◆ **WHAT IS REQUIRED**
Beginning with the line of the entries below that holds "Aqua Blue Velvet" and ending with the line that holds "2018年6月29日,明光酒", transcribe each line exactly as written. Pictures stay out.

------ INPUT ------

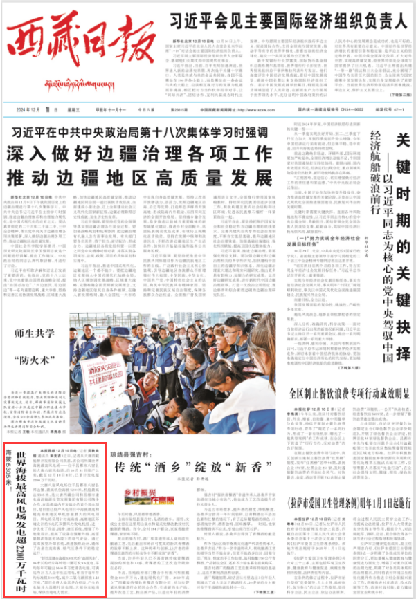 [西藏日?qǐng)?bào)]世界海拔最高風(fēng)電場(chǎng)發(fā)電超2200萬(wàn)千瓦時(shí)
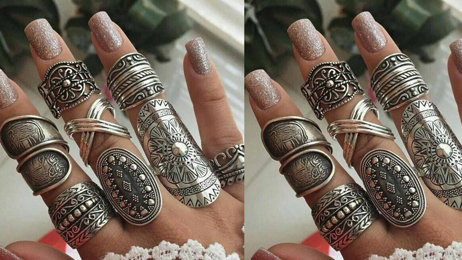 अगर आप अपनी चारों उंगलियों में रिंग पहन कर हैवी लुक चाहती हैं, तो इस तरह की बैंड डिजाइन की ऑक्सिडाइज्ड रिंग चुन सकती है। इंडेक्स फिंगर के लिए बड़ी सी ब्लैक स्टोन वाली रिंग और मिडिल फिंगर के लिए जालीदार पैटर्न की रिंग चुनें। इस तरह की रिंग का सेट आपको ऑनलाइन आसानी से 400 से ₹500 का मिल जाएगा। आप सिंगल-सिंगल रिंग भी खरीद सकती हैं।
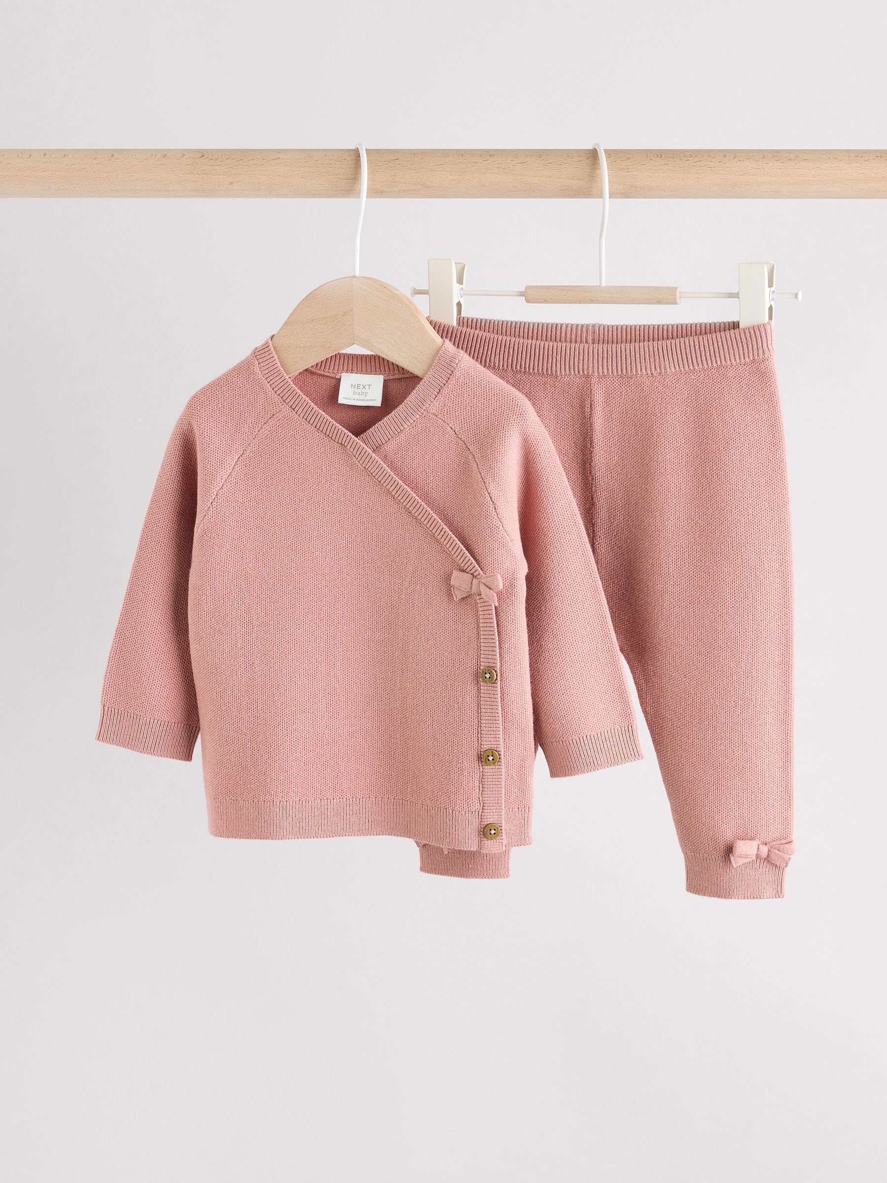 Pink Baby Knitted Wrap Jumper and Leggings 2 Piece Set (0mths-2yrs)
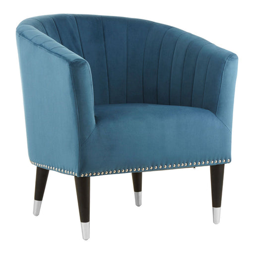 Aqua Blue Velvet Channel Tufting Foam Cushioned Armchair with Gold Legs
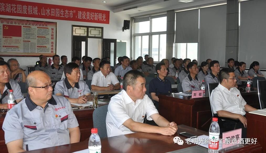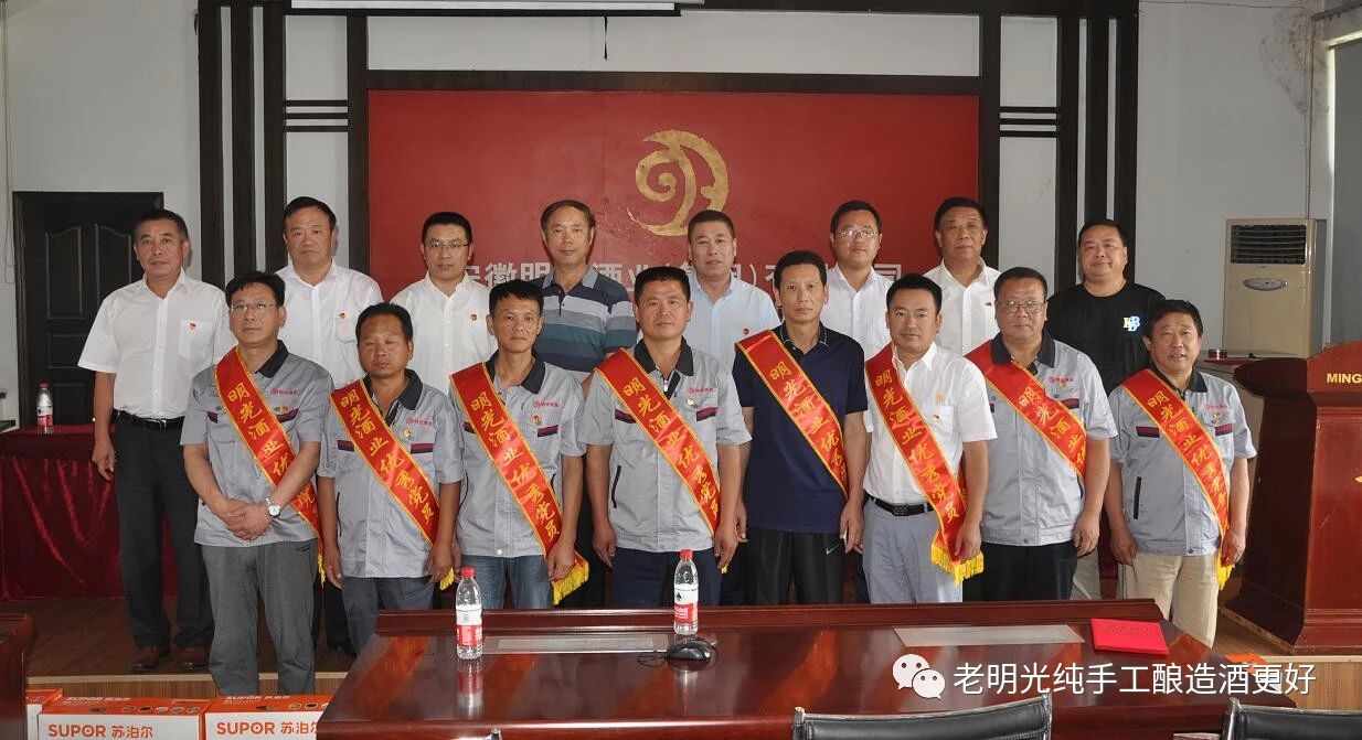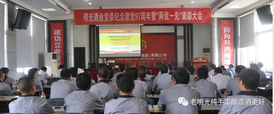 2018年6月29日,明光酒業黨委紀念建黨97周年“兩優一先”表彰大會,在明光酒業五樓會議室隆重召開。市委非公工委副書記 、選派辦主任吳峰、明光酒業董事長王振爽、明酒政治指導員董俊杰及明酒黨委班子成員在主席臺就座,全體黨員、入黨積極分子百余人參加會議。會議由公司黨委副書記龐宗生主持。
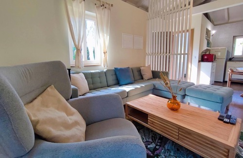 Going upstairs, you'll find a fully equipped kitchen and living room. The kitchen is spacious and modern, with all the utensils and appliances you need to prepare delicious family meals. The living room is a cosy and inviting space, perfect for relaxing after a day full of adventures in nature.
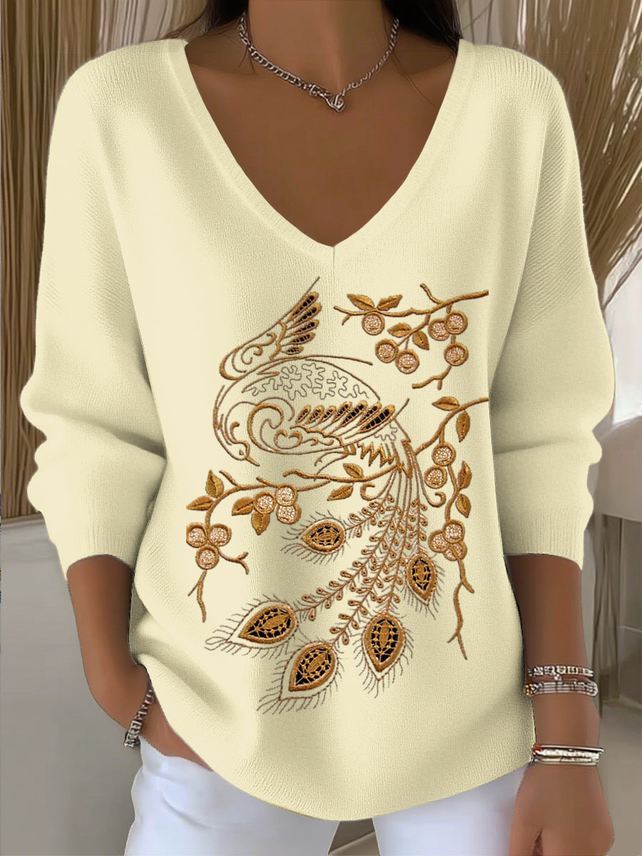 Дамски европейски стил светло жълт пуловер v-neck, украсен с изящна бродерия на паун, проста и атмосферна, представяща стил в ежедневното облекло
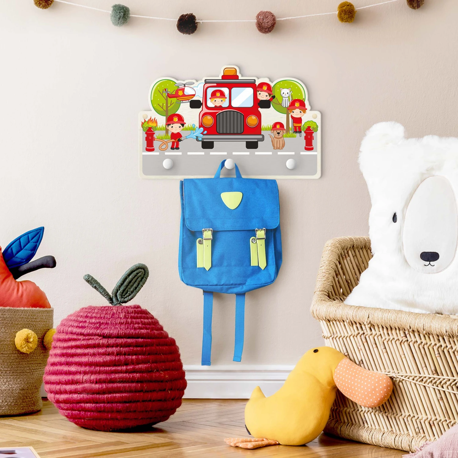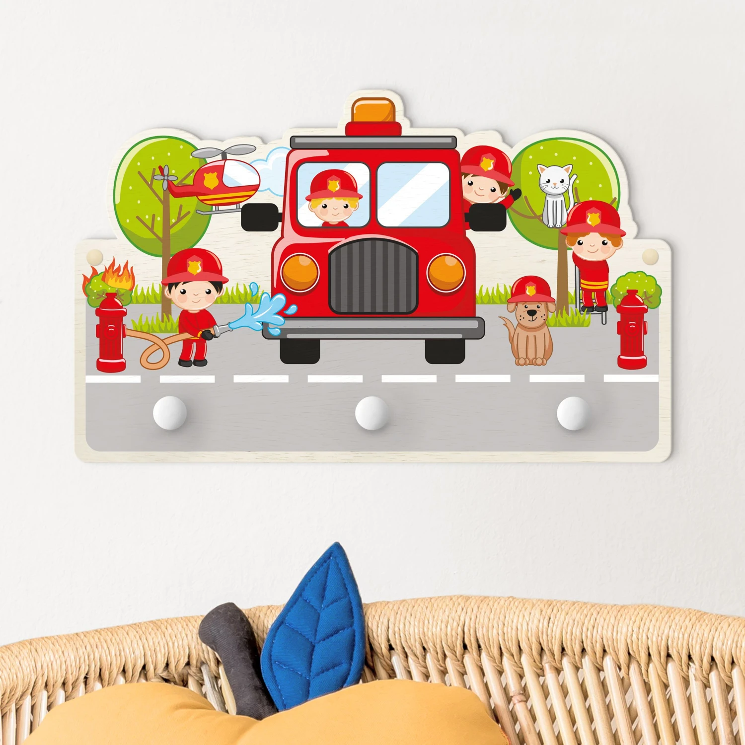 Kindergarderobe Holz – Feuerwehr Im Einsatz In Rot
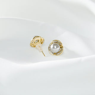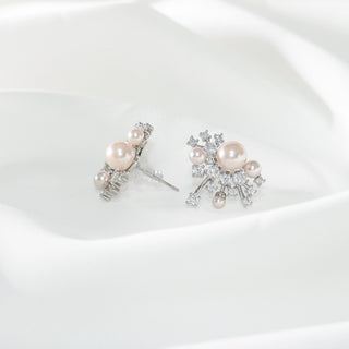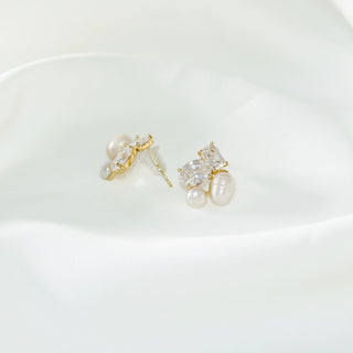 Freshwater Pearl & Cubic Zirconia Stud Earrings - S925 Silver Posts
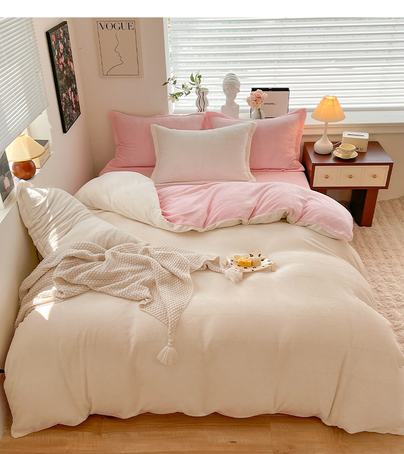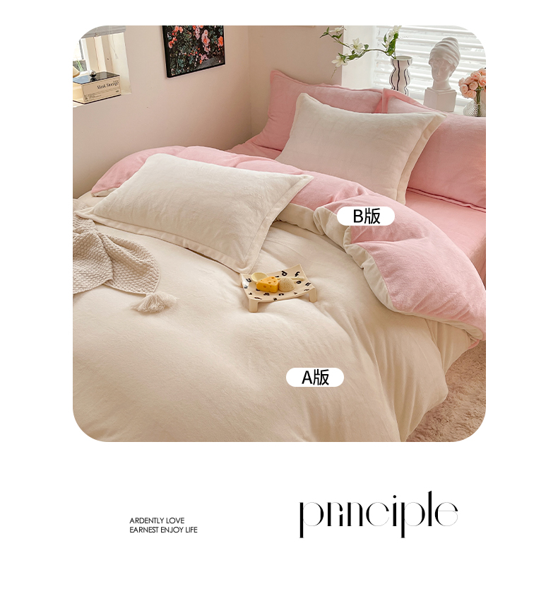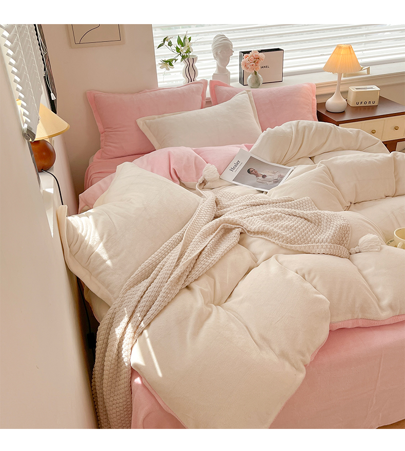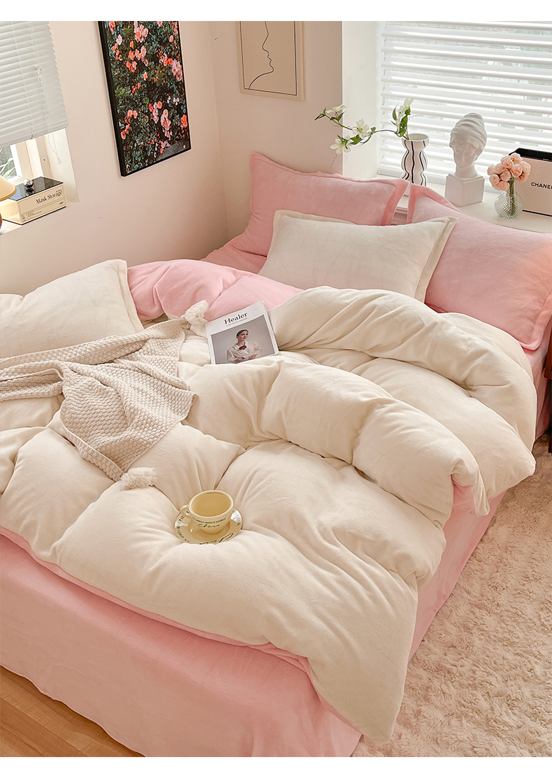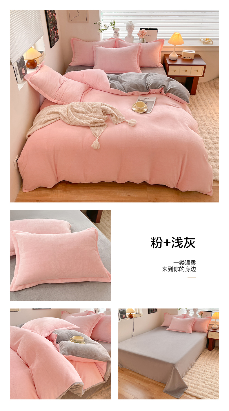 (总)逸尚阁 2025新款羊羔绒牛奶绒双拼四件套,贵族咖,淡黄+粉,雅致灰,天空蓝,奶油黄,桃子粉
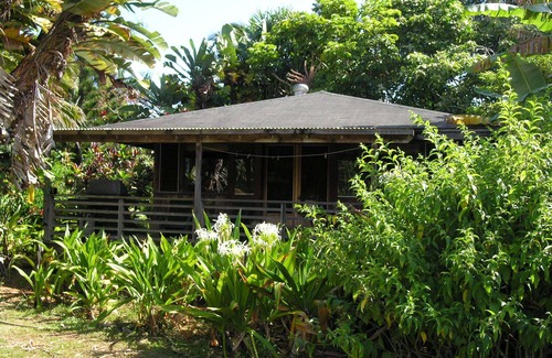 The farm stay cottage is an attractive, hand-crafted 500 square foot wooden guest house – completely self-contained and away from the main house. It overlooks our vegetable garden. It is landscaped with lush, tropical plantings to insure your privacy. Decorated in simple and tasteful island style, the cottage is fully and comfortably equipped for any length stay-with full bathroom with shower and tub inside, outside shower for after beach (or anytime– we so prefer guests us this exclusively), dining area, kitchenette and large covered lanai with grill.
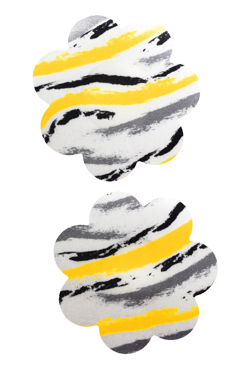 Grey. black. white. and yellow splash petal nipple pasties. Feature self adhesive tape. just peel and stick on clean. dry. oil-free skin.
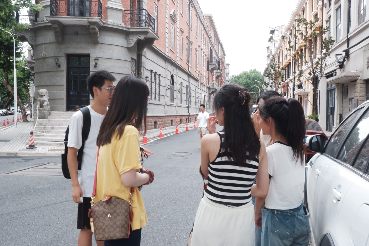 实践队队员针对游客进行了调研问卷的分发以及访谈,其中成员张世甲首先对在巴公房子旧址前打卡拍摄的三名女大学生进行了访谈。三名女生告诉团队成员,她们是外地游客,在暑假期间趁机来到武汉旅游,当被询问到“为何选择黎黄陂路作为游览打卡点”时,三位女大学生表示小红书、抖音APP等作为“大学生特种兵式旅游”的种草平台,为她们的武汉之旅规划行程提供了借鉴,成为吸引她们前往黎黄陂路感受地域特色的重要因素。在旧址的实地游览中,游客仿佛进入了近代汉口的租界岁月。

------

◆ **RESULT FOR THIS EXERCISE**
 Aqua Blue Velvet Channel Tufting Foam Cushioned Armchair with Gold Legs
 2018年6月29日,明光酒業黨委紀念建黨97周年“兩優一先”表彰大會,在明光酒業五樓會議室隆重召開。市委非公工委副書記 、選派辦主任吳峰、明光酒業董事長王振爽、明酒政治指導員董俊杰及明酒黨委班子成員在主席臺就座,全體黨員、入黨積極分子百余人參加會議。會議由公司黨委副書記龐宗生主持。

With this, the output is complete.